Spree shooting in the Northern Mariana Islands

On November 20, 2009, a spree shooting took place at two locations on Saipan, in the United States commonwealth of the Northern Mariana Islands. Four people, including two children were killed, and nine others were injured before the perpetrator, 42-year-old Li Zhongren, killed himself upon police arrival.

== Shootings ==
The first shooting took place at 11:21 a.m. at a shooting range in Kannat Tabla. The gunman opened fire on a group of two men and three children, who were at the range to prepare a birthday party. Eight gunshots were fired using a rifle and shotgun. The two adults, a four-year-old boy, and a 19-month-old girl were killed while a four-year-old girl was injured by a gunshot to the chest. All five were related to each other; the adults were uncle and nephew with their respective children. The family were relatives of the shooting range's former owner, and lived close to the range.

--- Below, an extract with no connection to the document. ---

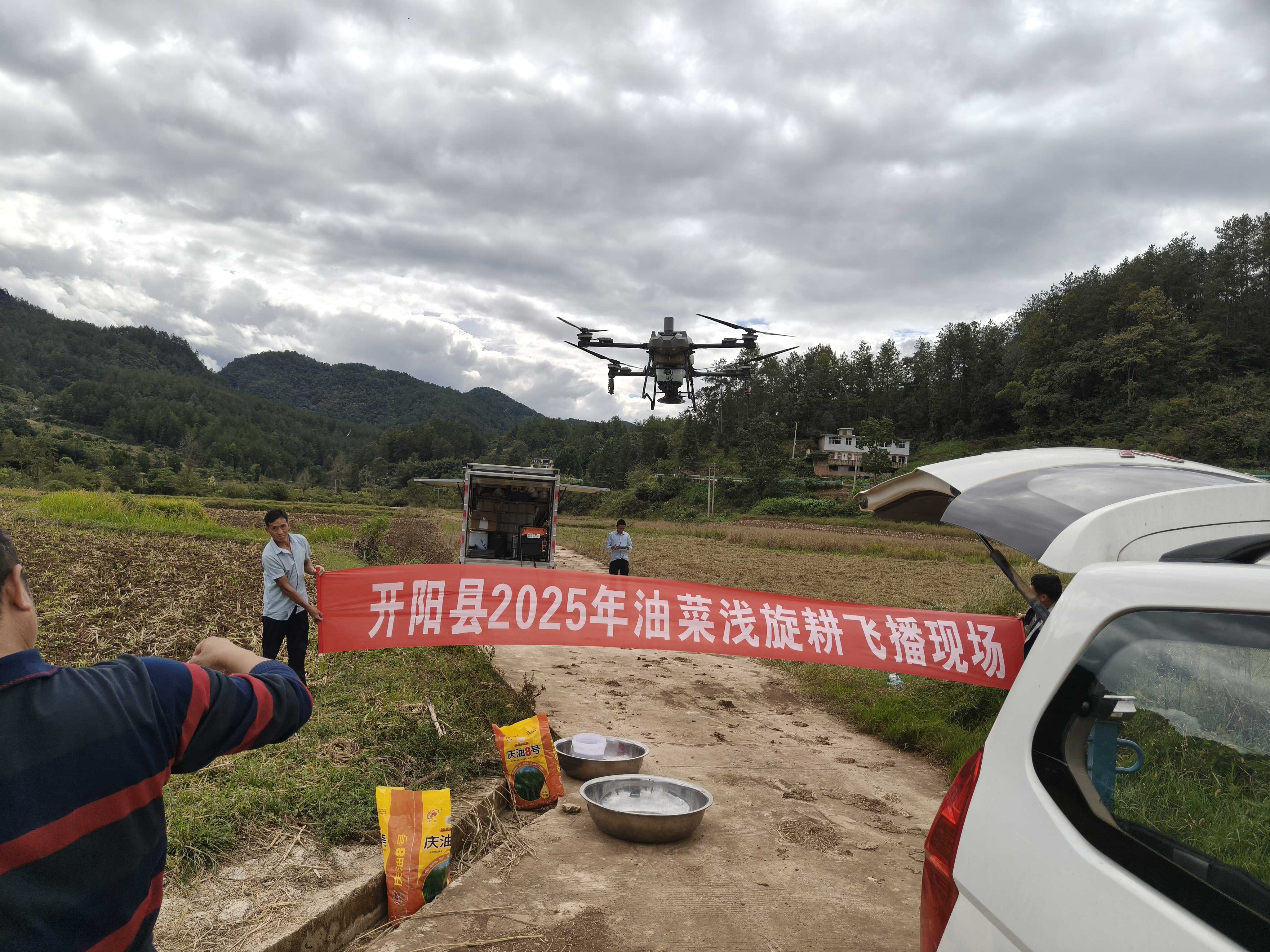 “近年来,十字村股份经济合作社始终坚持新发展理念,不断推动新型农业产业创新发展,这次是我们与开阳县农业农村局、贵州农无忧农业发展有限公司首次联合开展无人机油菜飞播试验,这也标志着咱们村在稻油轮作的耕种管收上实现了全程机械化!”十字村党总支书记、村委会主任付沧海欣喜地介绍道。开阳县农业农村局农推中心技术员饶永峰也向围观群众算了笔“效率账”,“无人机“飞播”效率是传统人工的数十倍,今天计划完成的200亩播种任务,靠人力得好几天,现在一天就能轻松搞定。从成本上算,飞播费用仅15元/亩,人工至少要150元/亩,机械化操作不仅省时省力,还能达到节本增效、增产增收的目的。

The perpetrator then left the scene in a white Toyota Previa van and drove several miles to Marpi, to the site of the Last Command Post Park, which was the location of Japan's last base for military commanders during World War II. About 60 people were taking pictures of the area. At 11:30 a.m., he fired his rifle thirty times at two tourist groups from inside his van. Seven tourists, consisting of five adults and two children, as well as a tour guide, all South Korean nationals, were injured by gunfire.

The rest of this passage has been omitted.